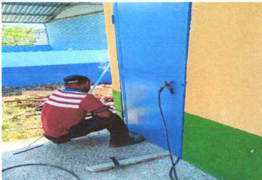
FOTO 5. SUSTITUCION DE PUERTA DE MADERA POR METAL.
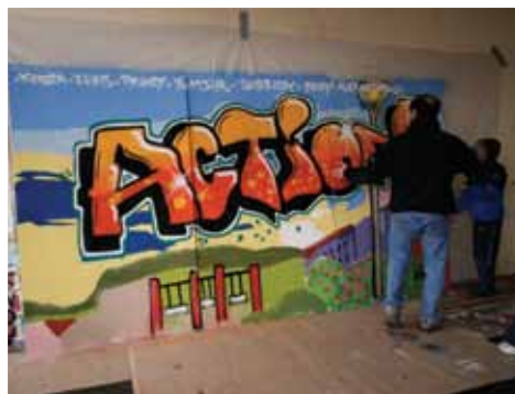
Daste Arts Graphiques - CM1/CM2 André Daste

outils modernes comme les jeux, sites web et multimédia (pour 78 %). Les fonctions discursives des écrits atypiques produits par les jeunes sur les supports modernes de communication jouent donc un rôle primordial pour la construction de ceux-ci, la création de procédés permettant d'exprimer des émotions plus difficiles à transmettre à l'écrit derrière un ordinateur, qu'à l'oral lors d'une discussion, ainsi que d'instaurer une tonalité spécifique dans un discours donné. Les jeunes veulent écrire vite, vrai, et de manière originale. L'objectif premier est d'influer sur le sens du discours en mettant en œuvre diverses stratégies de représentations linguistiques. ■

★ ★ ★ ★ ★

Give the listing again exactly, excluding pictures.

FOTO 5. SUSTITUCION DE PUERTA DE MADERA POR METAL.
Daste Arts Graphiques - CM1/CM2 André Daste

outils modernes comme les jeux, sites web et multimédia (pour 78 %). Les fonctions discursives des écrits atypiques produits par les jeunes sur les supports modernes de communication jouent donc un rôle primordial pour la construction de ceux-ci, la création de procédés permettant d'exprimer des émotions plus difficiles à transmettre à l'écrit derrière un ordinateur, qu'à l'oral lors d'une discussion, ainsi que d'instaurer une tonalité spécifique dans un discours donné. Les jeunes veulent écrire vite, vrai, et de manière originale. L'objectif premier est d'influer sur le sens du discours en mettant en œuvre diverses stratégies de représentations linguistiques. ■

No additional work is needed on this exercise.